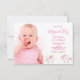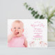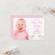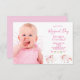 Na frente: Um convite de festas primeiro aniversario para uma menina. Dois unicórnios bonitos em branco e rosa com estrelas e bandeiras de bunting. Fundo branco. Insira sua foto da aniversariante! Modelos para nome, idade e detalhes da festa. Com o texto: Dia Mágico escrito com uma escrita de estilo moderna, escrita à mão. Letras cor-de-rosa. Fundo: fundo cor-de-rosa claro pastel.
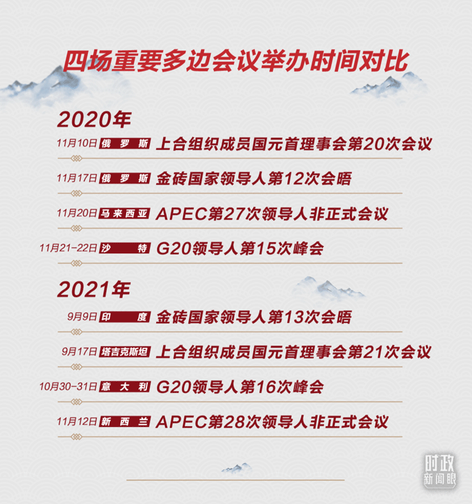 新冠肺炎疫情的暴发,给多边峰会带来不小的影响。去年,上合、金砖、APEC、G20这四场多边峰会“扎堆”在11月份举行,因此也被称为“峰会月”。今年情况有所好转,系列峰会出现了向正常会期回归的迹象。
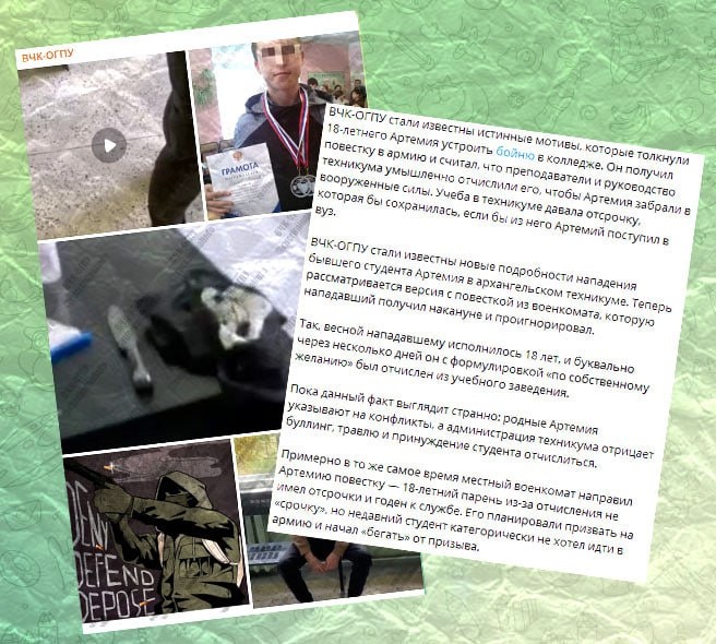 Наверняка многие из вас слышали о трагических событиях в архангельском техникуме, где неадекват Артемий Корюков напал на преподавателей. Конечно же, даже не пытаясь разобраться в сути ситуации, печально известный ВЧК-ОГПУ (кстати, иноагент) выкатил свою версию произошедшего.
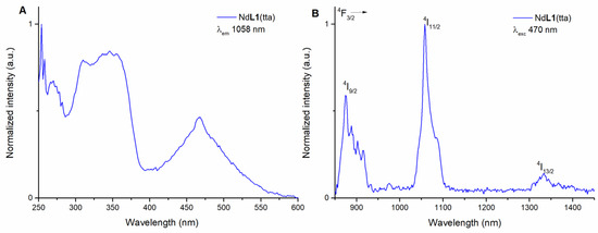 Luminescence excitation spectrum of (R,R)-NdL1(tta) in methanol solution (λem = 1058 nm) (A) and luminescence emission spectrum of (R,R)-NdL1(tta) in methanol solution (λexc = 470 nm) (B). The spectra of (S,S) enantiomer (not reported) are superimposable.
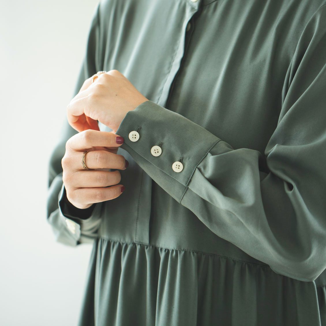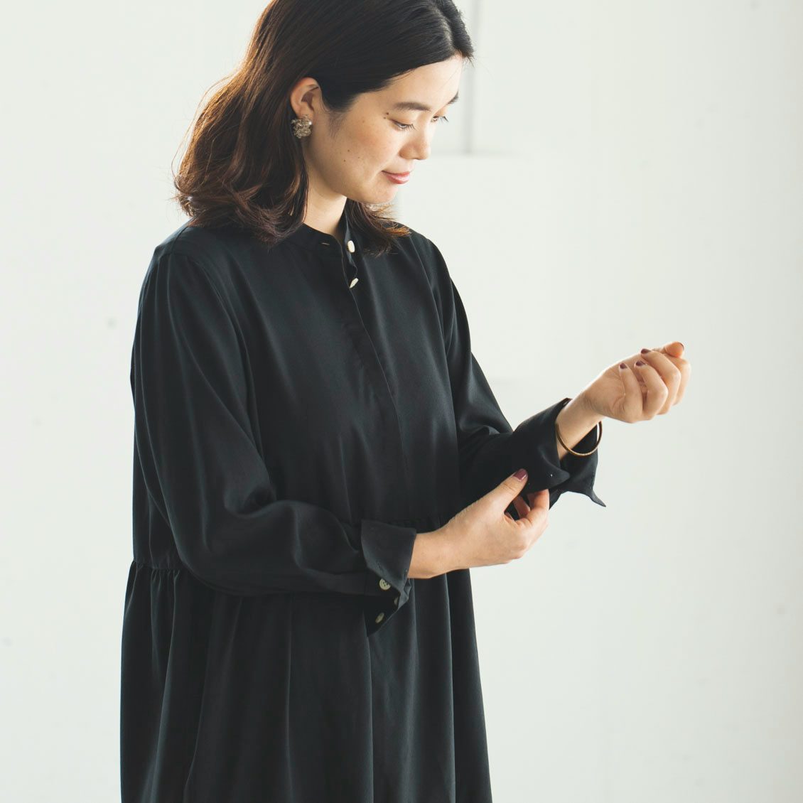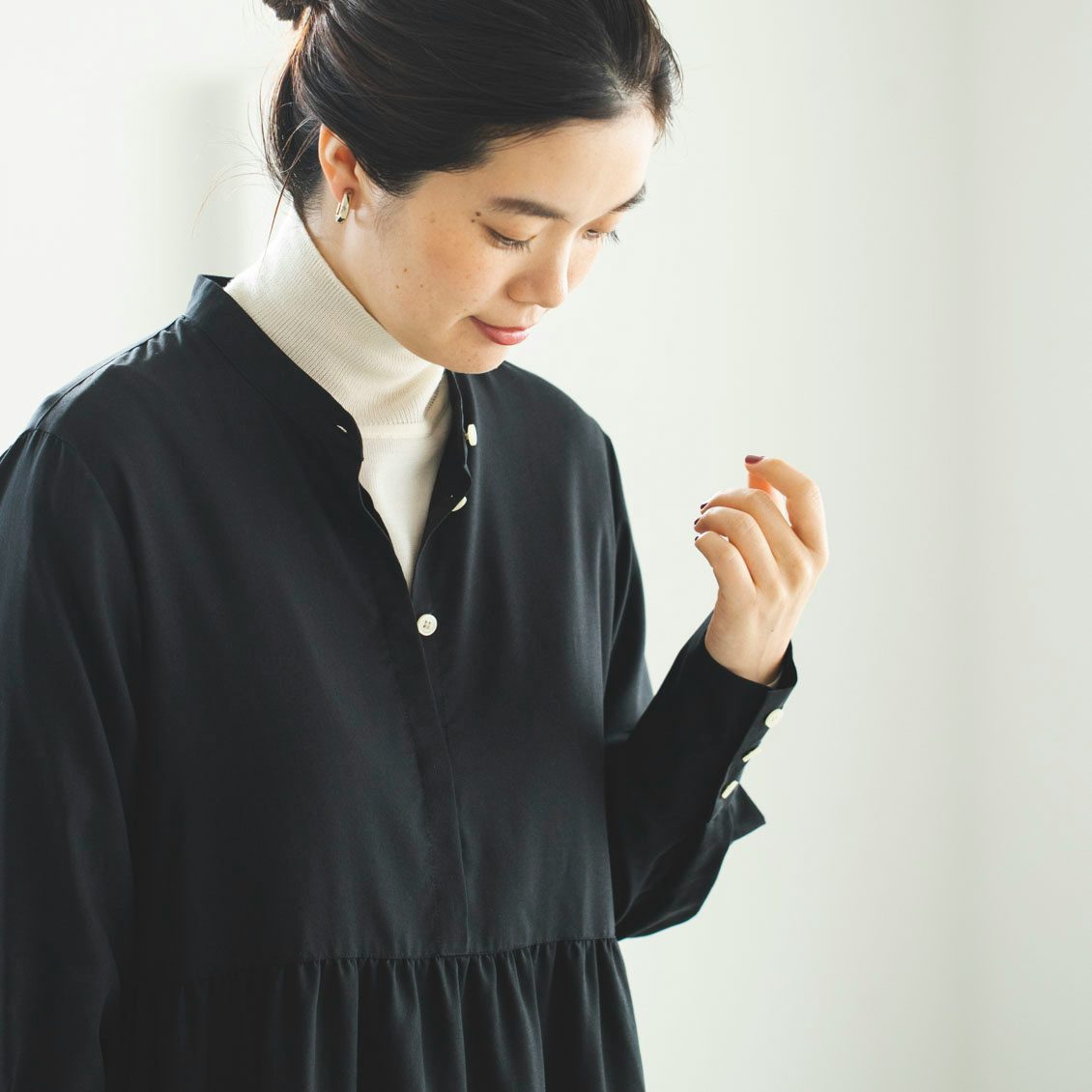 首元は襟のない「バンドカラー」で、かしこまりすぎずやわらかな印象に。

——

**Your goal:** Go to the line that contains "新冠肺炎疫情的暴发,给多边峰" and copy it and every line after it through the end of the entries, exactly, without the pictures.

**Completed exercise:**
 新冠肺炎疫情的暴发,给多边峰会带来不小的影响。去年,上合、金砖、APEC、G20这四场多边峰会“扎堆”在11月份举行,因此也被称为“峰会月”。今年情况有所好转,系列峰会出现了向正常会期回归的迹象。
 Наверняка многие из вас слышали о трагических событиях в архангельском техникуме, где неадекват Артемий Корюков напал на преподавателей. Конечно же, даже не пытаясь разобраться в сути ситуации, печально известный ВЧК-ОГПУ (кстати, иноагент) выкатил свою версию произошедшего.
 Luminescence excitation spectrum of (R,R)-NdL1(tta) in methanol solution (λem = 1058 nm) (A) and luminescence emission spectrum of (R,R)-NdL1(tta) in methanol solution (λexc = 470 nm) (B). The spectra of (S,S) enantiomer (not reported) are superimposable.
 首元は襟のない「バンドカラー」で、かしこまりすぎずやわらかな印象に。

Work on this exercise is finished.